The IRS and U.S. Treasury Department issued final regulations that will drastically erode state tax incentives for landowners who donate land or conservation easements to land trusts.This rule will require state income tax credits (like the Virginia Land Preservation Tax Credit) to be counted as quid pro quo for charitable contributions, which will lower the donor’s federal income tax deduction.
Under the new rule, if a landowner donates a $100,000 easement and gets $40,000 in Virginia tax credits, they will now only be able to take a $60,000 federal income tax deduction (previously they were able to deduct the entire $100,000 donation value).

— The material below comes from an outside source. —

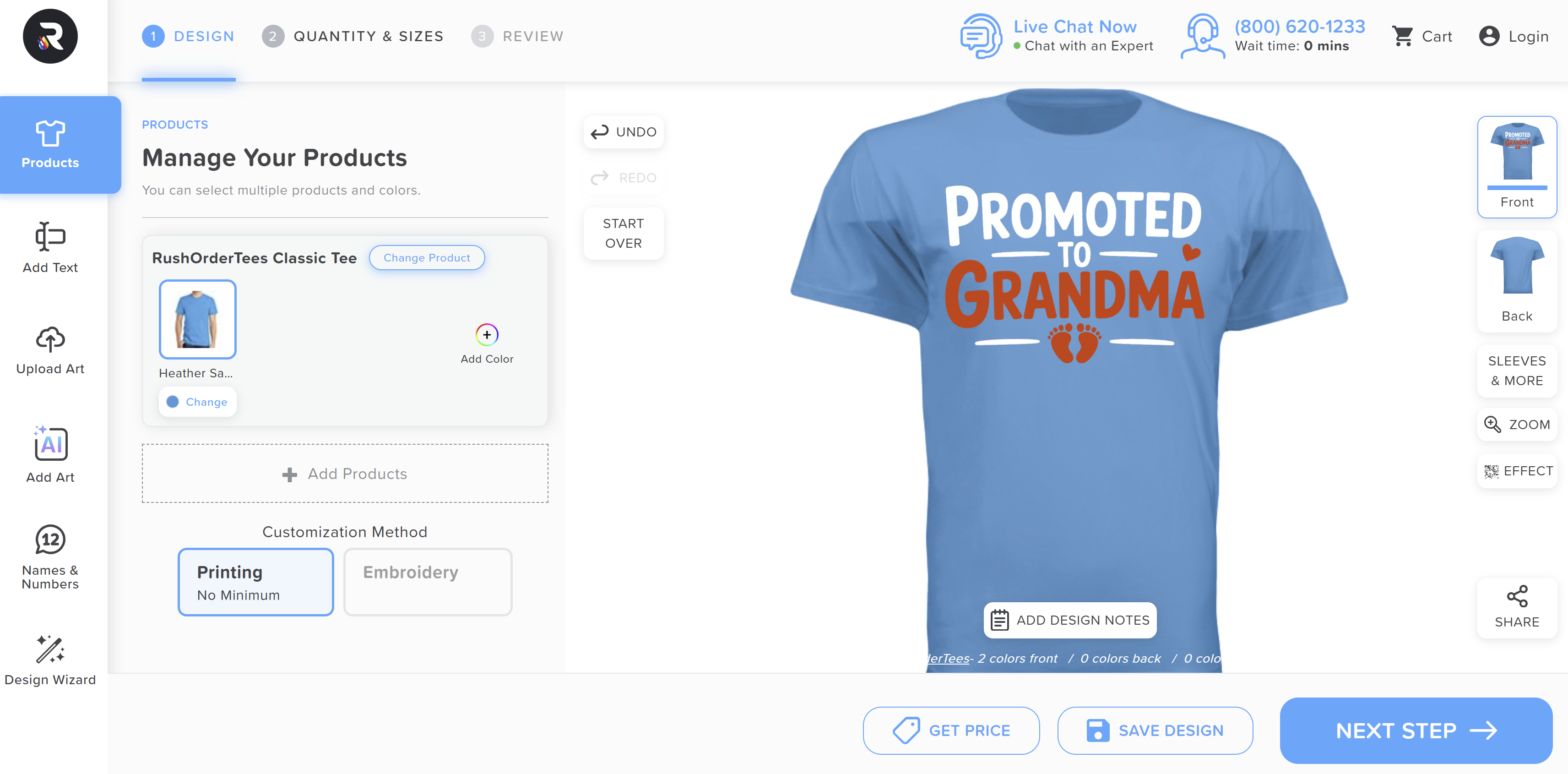 Yes, while you’ll need to have a custom design to place an order at RushOrderTees (we don’t sell blank apparel), you can use our Design Studio to create your own design directly on our site. Add clipart, type a message, change fonts or choose from our templates and personalize to suit your needs.
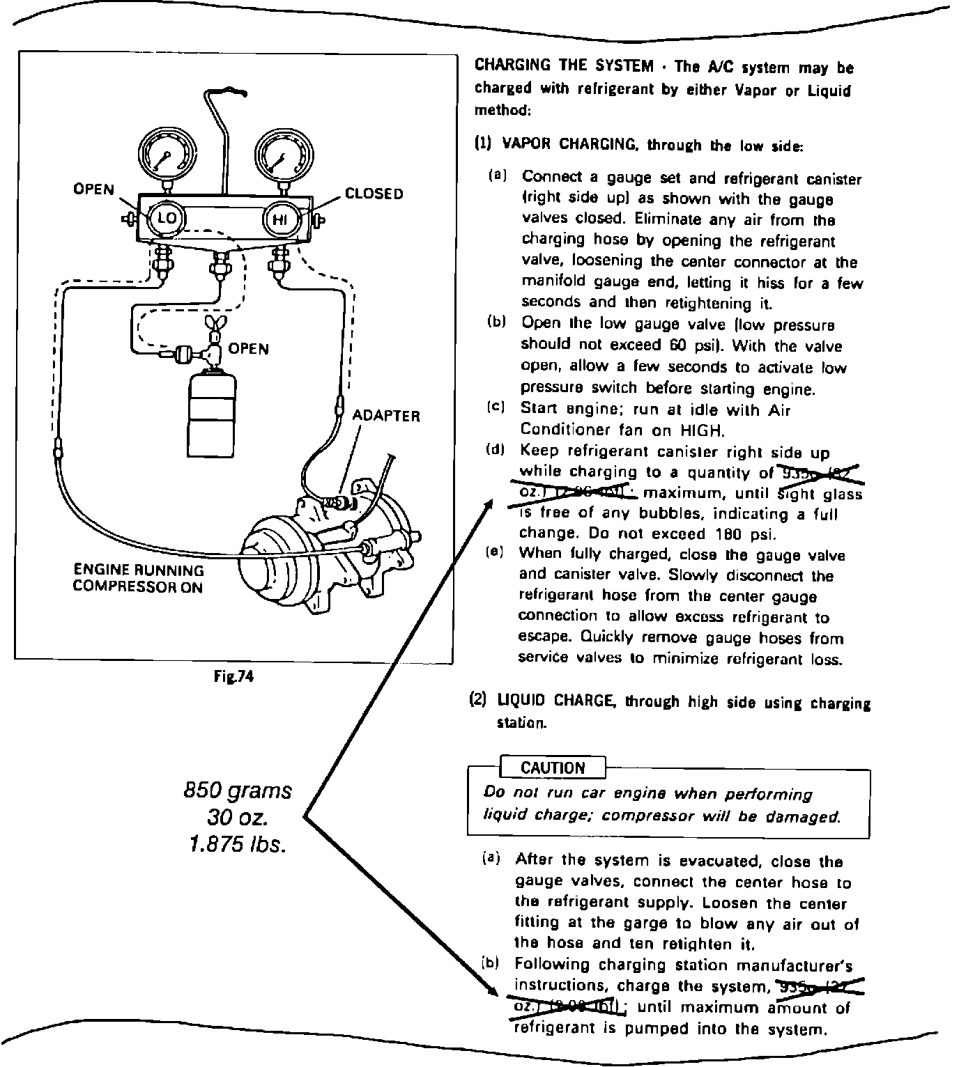 This Technical Service Bulletin corrects the refrigerant capacity shown in the Expo A/C Installation manual. The correct capacity is 850g (30 oz). The under-hood label in the A/C kit also shows the correct refrigerant capacity of 30 oz.

The new rule drastically reduces an important incentive for donors and will slow the rate of land conservation. While it is very unfortunate that this has happened, the New River Land Trust is currently working on a number of exciting conservation projects. Changes like this new rule are one of the reasons we’ve chosen to diversify the type of conservation work we do, including branching out into projects that include public access as a goal.
The New River Land Trust will work with the Land Trust Alliance and other organizations on any legislative remedies that will change this state of affairs. We will keep you posted on on any updates to the situation (to be added to our email list, please visit https://newriverlandtrust.org/subscribe/).
In spite of these changes, we will continue to work on conserving our natural resources and heritage in the New River region.